The set of points where

Solution:

We know

$|x|= \begin{cases}x, & x \geq 0 \\ -x, & x<0\end{cases}$

$\therefore f(x)=\cos |x|= \begin{cases}\cos x, & x \geq 0 \\ \cos (-x), & x<0\end{cases}$

$\Rightarrow f(x)=\cos |x|= \begin{cases}\cos x, & x \geq 0 \\ \cos x, & x<0\end{cases}$     $[\cos (-\theta)=\cos \theta]$

We know that, cosine function is differentiable in its domain. So, f(x) is differentiable for all x < 0 and x > 0.

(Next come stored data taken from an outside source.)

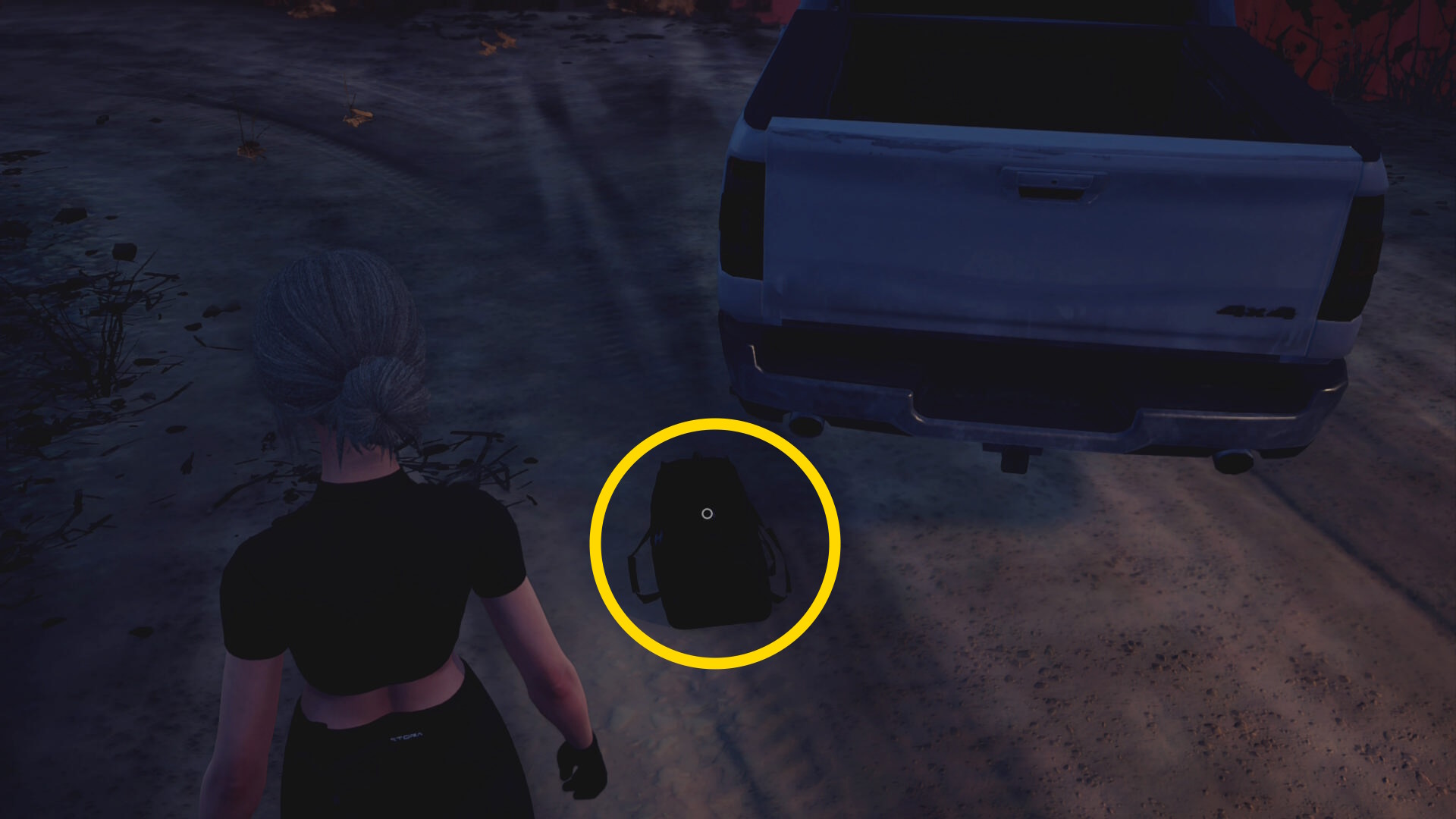 - 車のトランクに向かい、LSRS を上に同時入力してダッフルバッグを下ろす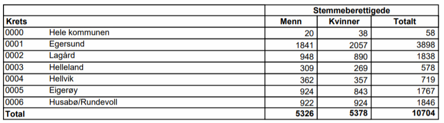 Denne tabellen viser kjønnsfordelingen i manntallet, dvs alle som fyller 18 år i år og som dermed har stemmerett. Den viser bla at det ikke er stor forskjell mellom menn og kvinner i kommunen totalt sett.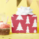 Modern Christmas pattern features white geometric trees in varying sizes on a red background. Perfect for holiday wrapping.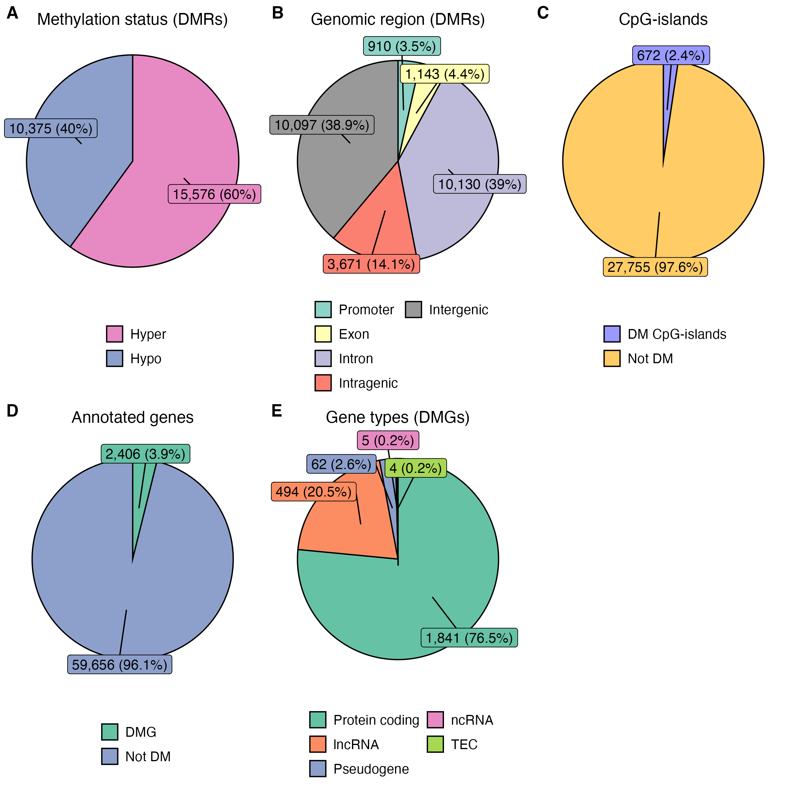 Find out which genomic regions (promoter, exon, intron, intergenic, CpG-islands) overlap with the DMRs.
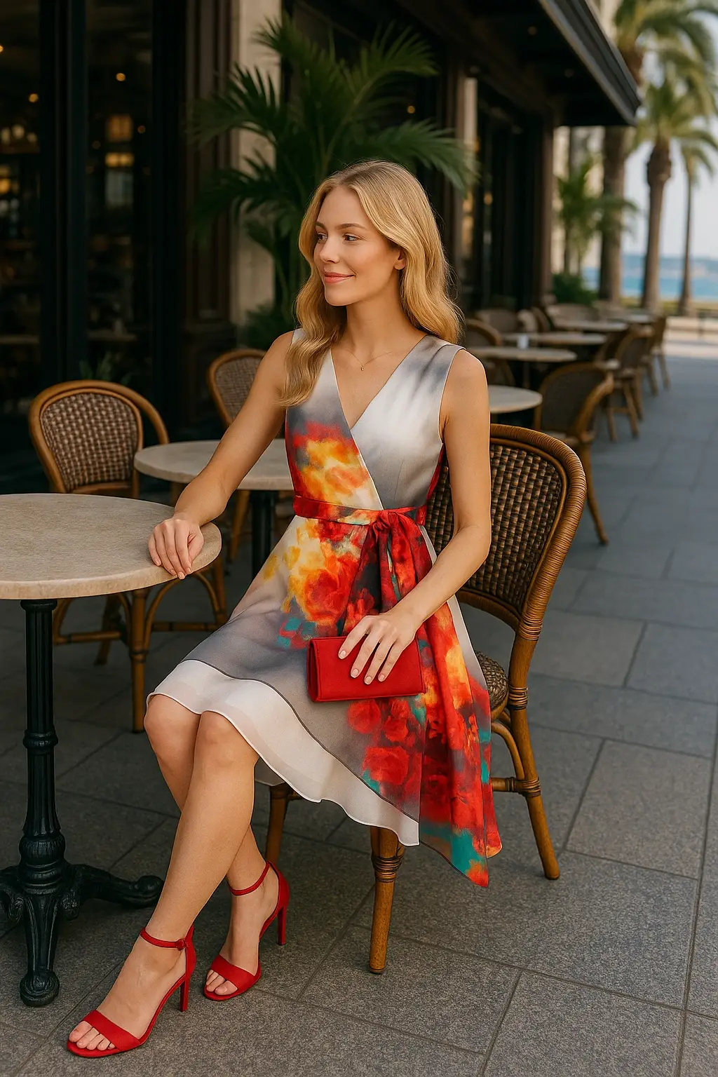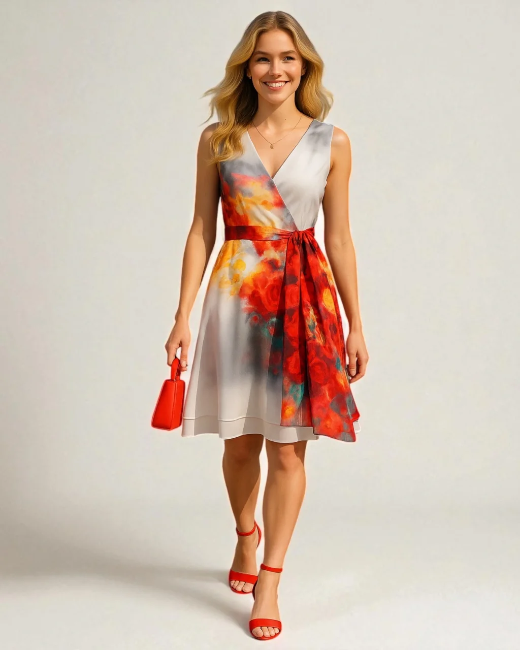 Lena Kruvaze Dijital Baskı Desenli Elbise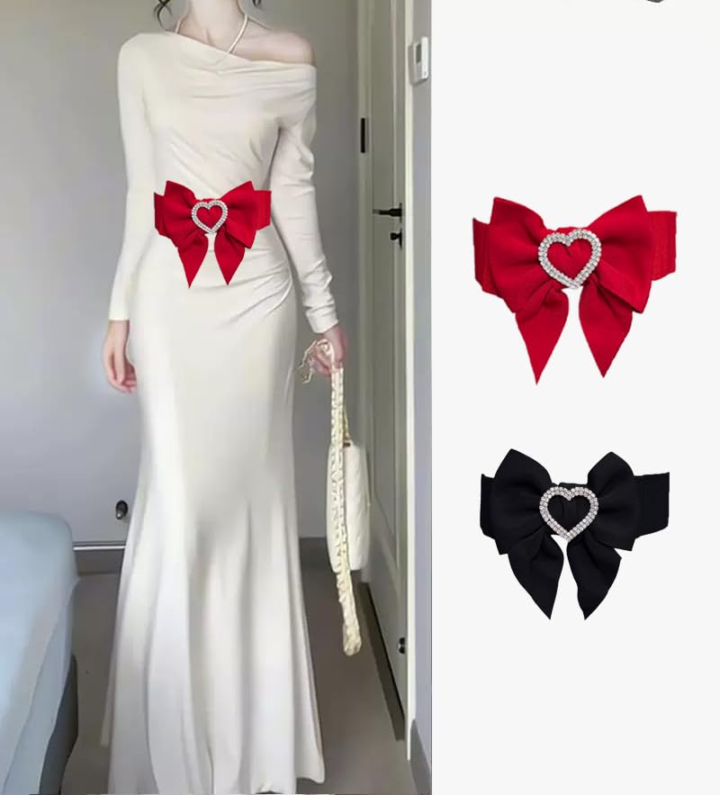 • DESIGN FEATURES: Elegant wide bow belt with heart-shaped rhinestone embellishment, perfect for adding a glamorous touch to any outfit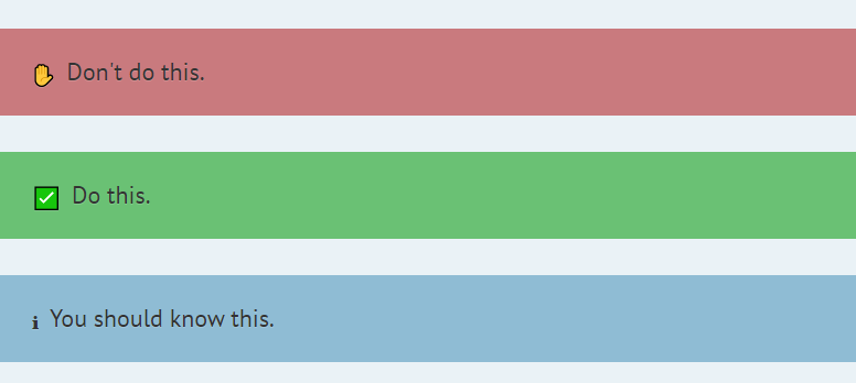 You can add little highlighted warnings and notes using the <aside> tag and either of the classes notice, warning, or success.

Let us check the differentiability of $f(x)=\cos |x|$ at $x=0$.

Now,

$L f^{\prime}(0)=\lim _{h \rightarrow 0} \frac{f(0-h)-f(0)}{-h}$

$\Rightarrow L f^{\prime}(0)=\lim _{h \rightarrow 0} \frac{\cos (-h)-\cos 0}{-h}$

$\Rightarrow L f^{\prime}(0)=\lim _{h \rightarrow 0} \frac{\cos h-1}{-h}$

$\Rightarrow L f^{\prime}(0)=\lim _{h \rightarrow 0} \frac{-2 \sin ^{2} \frac{h}{2}}{-h}$

$\Rightarrow L f^{\prime}(0)=\lim _{h \rightarrow 0} \frac{\sin \frac{h}{2}}{\frac{h}{2}} \times \lim _{h \rightarrow 0} \sin \frac{h}{2}$

$\Rightarrow L f^{\prime}(0)=1 \times 0$

 

$\Rightarrow L f^{\prime}(0)=0$

And

$R f^{\prime}(0)=\lim _{h \rightarrow 0} \frac{f(0+h)-f(0)}{h}$

$\Rightarrow R f^{\prime}(0)=\lim _{h \rightarrow 0} \frac{\cos h-\cos 0}{h}$

$\Rightarrow R f^{\prime}(0)=\lim _{h \rightarrow 0} \frac{\cos h-1}{h}$

 

$\Rightarrow R f^{\prime}(0)=\lim _{h \rightarrow 0} \frac{-2 \sin ^{2} \frac{h}{2}}{h}$

$\Rightarrow R f^{\prime}(0)=-\lim _{h \rightarrow 0} \frac{\sin \frac{h}{2}}{\frac{h}{2}} \times \lim _{h \rightarrow 0} \sin \frac{h}{2}$

$\Rightarrow R f^{\prime}(0)=-1 \times 0$

$\Rightarrow R f^{\prime}(0)=0$

 

$\therefore L f^{\prime}(0)=R f^{\prime}(0)$

So, f(x) is differentiable at x = 0. Thus, the function f(x) is differentiable everywhere.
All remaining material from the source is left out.